Ensinar a pensar: estratégias de aprendizagem e pensamento na sala de aula
Vá além do óbvio, pensar diferente, questionando coisas… Pesquisas realizadas no Projeto Zero mostram que a maioria das pessoas tem habilidades de pensamento, atitudes e alertas subdesenvolvidos. Hoje mais do que nunca, precisamos desenvolver estas atitudes e habilidades, ou seja, aprender por competências. E isto é algo que não acontece naturalmente. Precisa ser promovida nas escolas. Como fazemos?
Pensamento visível e rotinas de pensamento
Devemos “tornar visível” o pensamento que permanece escondido em nossas mentes. O “pensamento visível” procura externalizar verbalmente ou por escrito as ideias ou conceitos que temos em nossa mente. Desta forma, podemos saber o que e como está sendo compreendido. É aqui que entram as chamadas rotinas de pensamento, permitindo aos estudantes encontrar suas próprias formas de analisar, aprofundar, conectar e refletir sobre diferentes tópicos. Aqui estão alguns exemplos:
- O que o faz dizer isso? Esta rotina ajuda os estudantes a descrever o que vêem ou sabem e lhes pede que construam explicações. Promove o raciocínio baseado em evidências e, convidando os estudantes a compartilhar suas interpretações, incentiva-os a compreender alternativas e perspectivas múltiplas.
- Pensar-Questionar-Explorar. Esta rotina ativa o conhecimento prévio, gera ideias e curiosidade e prepara o terreno para uma investigação mais profunda.

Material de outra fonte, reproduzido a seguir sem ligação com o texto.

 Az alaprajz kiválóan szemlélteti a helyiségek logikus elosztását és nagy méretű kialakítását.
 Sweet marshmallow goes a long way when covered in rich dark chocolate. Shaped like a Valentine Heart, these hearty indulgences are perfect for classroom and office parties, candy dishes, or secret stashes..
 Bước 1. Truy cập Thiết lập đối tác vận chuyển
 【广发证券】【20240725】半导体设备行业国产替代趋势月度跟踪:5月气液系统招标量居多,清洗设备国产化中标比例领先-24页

- Pensar-Reunir-Compartilhar. Esta rotina incentiva os estudantes a pensar sobre um problema ou questão e depois expressar seus pensamentos. Promove a compreensão através de um raciocínio ativo e uma explicação. Ao ouvir e compartilhar ideias, esta rotina encoraja os estudantes a compreender múltiplas perspectivas
- Círculos de pontos de vista. Esta rotina ajuda os estudantes a ver e explorar múltiplas perspectivas. Isso os ajuda a entender que pessoas diferentes podem ter conexões diferentes com a mesma coisa. Estas diferentes conexões influenciam a visão e o pensamento das pessoas.
- Eu costumava pensar – Agora eu penso. Esta rotina ajuda os estudantes a refletir sobre seu pensamento sobre um tópico ou tema e a explorar como e por que o pensamento mudou. Pode ser útil para consolidar novos aprendizados, pois os estudantes identificam seus novos entendimentos, opiniões e crenças. Ao examinar e explicar como e por que seu pensamento mudou, os estudantes desenvolvem suas habilidades de raciocínio e reconhecem as relações de causa e efeito.

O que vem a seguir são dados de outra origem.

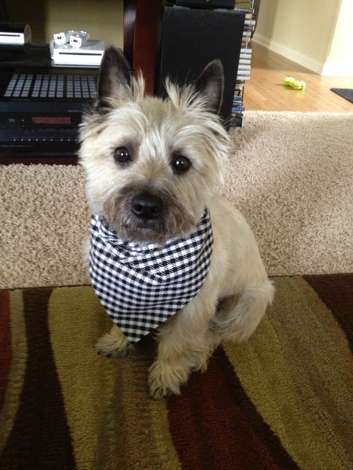 I went to the local farmers market here on Saturday and bought Señor Bruno an awesome little scarf. Or so I thought. Until Jake told me he looks like a "gay cowboy." Personally, I like the scarf, but whatever. So this is Señor Bruno, modeling his new doggy scarf. He's more fashionable than I am now!
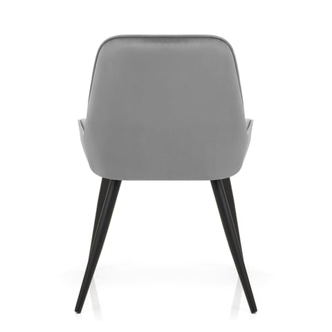 Beneath the seat are four solid metal, elegantly tapered legs, all powder coated for a sophisticated black satin finish. Practical feet at the base of the chair help in keeping floors preserved against marks and scrapes.
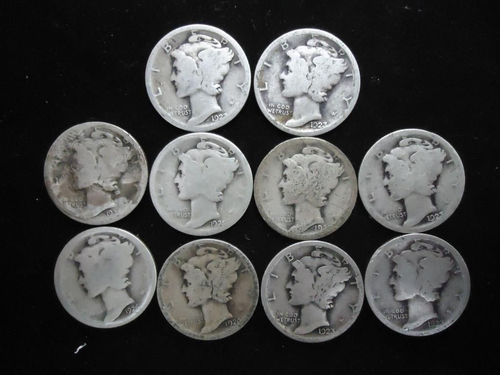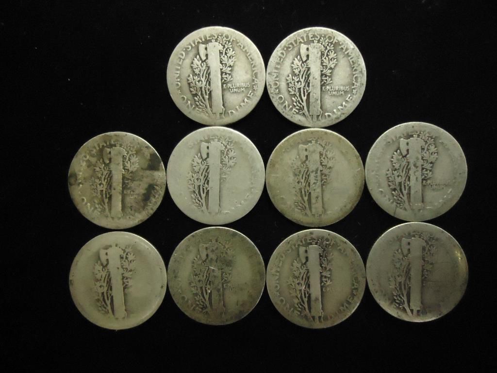 10 ASSORTED 1920'S MERCURY DIMES
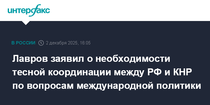 Москва. 2 декабря. INTERFAX.RU - Мировая динамика требует тесной координации между Россией и Китаем по вопросам международной политики, заявил глава МИД РФ Сергей Лавров.

- Ver-Think-Question. Esta rotina ajuda os estudantes a fazer observações cuidadosas e interpretações atenciosas. Estimula a curiosidade e abre o caminho para a indagação.
- Ponte 3-2-1. Esta rotina pede aos estudantes que tornem visíveis seus pensamentos iniciais, ideias, perguntas e compreensões sobre um tópico, através de três pensamentos, duas ideias e uma metáfora, e depois os conecte a novas formas de pensar sobre o tópico depois de tê-lo estudado.
- A corda da verdade. Esta rotina incentiva os estudantes a raciocinar cuidadosamente sobre a “tensão” que surge entre os muitos fatores relevantes para as questões de veracidade. Também os ajuda a apreciar a profunda complexidade das questões que podem parecer ser preto e branco.
Para enfrentar um mundo complexo e em constante mudança, “as crianças têm que aprender a lidar com o desconhecido e o inesperado”, diz Perkins. A educação de hoje deve servir a este propósito: ela precisa expandir-se para o pensamento e não mais se limitar à memorização de conceitos. Esta geração tem um compromisso com os estudantes atuais e futuros: trabalhar para tornar sua educação mais significativa e útil para suas vidas.